To add an Oracle GeoRaster, click on Add Oracle GeoRaster Layer by navigating to Layer | Add Layer, then connect to an Oracle database to load the raster. More information about loading database layers is in the following section.


The Geospatial Data Abstraction Library (GDAL) is a free and open source library that translates and processes vector and raster geospatial data formats. QGIS, as well as many other programs, use GDAL to handle many geospatial data processing tasks.

You may see references to OGR or GDAL/OGR as you work with QGIS and GDAL. OGR is short for OGR Simple Features Library and references the vector processing parts of GDAL. OGR is not really a standalone project, as it is part of the GDAL code now; however, for historical reasons, OGR is still used.

More information about GDAL and OGR can be found at GDAL is an Open Source Geospatial Foundation ( project.

Loading databases

QGIS supports PostGIS, SpatiaLite, MSSQL, and Oracle databases. Regardless of the type of database you wish to load, the loading sequence is very similar. Therefore, instead of covering specific examples, the general sequence will be covered.

First, click on Add Layer under Layer and then choose the database type you wish to load. This will open a window with options for adding the data stored in a database. As an example, the following screenshot shows the window that opens when you navigate to Layer | Add Layer | Add SpatiaLite Layer:


Note that the window will look the same for any database you choose, except for the window name.

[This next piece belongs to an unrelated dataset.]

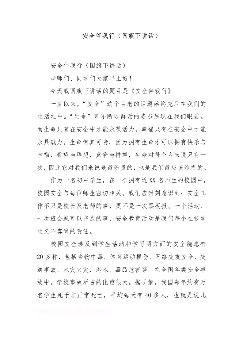 首页主题节日主题活动安全伴我行(国旗下讲话)[推荐]

To load data from a database, we must first create a connection to the database. To create a new connection, click on the New button to open a connection information window. Depending on the database type you are connecting to, different connection options will be shown. Once you have created a database connection, select it from the drop-down list and click on Connect; you will see a list of all layers contained within the database display. If there are a large number of tables, you can select Search options and perform a search on the database. To load a layer, select it in the list and click on Add. If you only wish to load a portion of the layer, select the layer and then click on Set Filter to open the query builder. If you set a query and then add the layer, only the filtered features will be added.

Web services

QGIS supports the loading of OGC-compliant web services such as WMS/WMTS, WCS, and WFS. Loading a web service is similar to loading a database service. In general, you will create a new server connection, connect to the server to list the available services, and add the service to the QGIS project.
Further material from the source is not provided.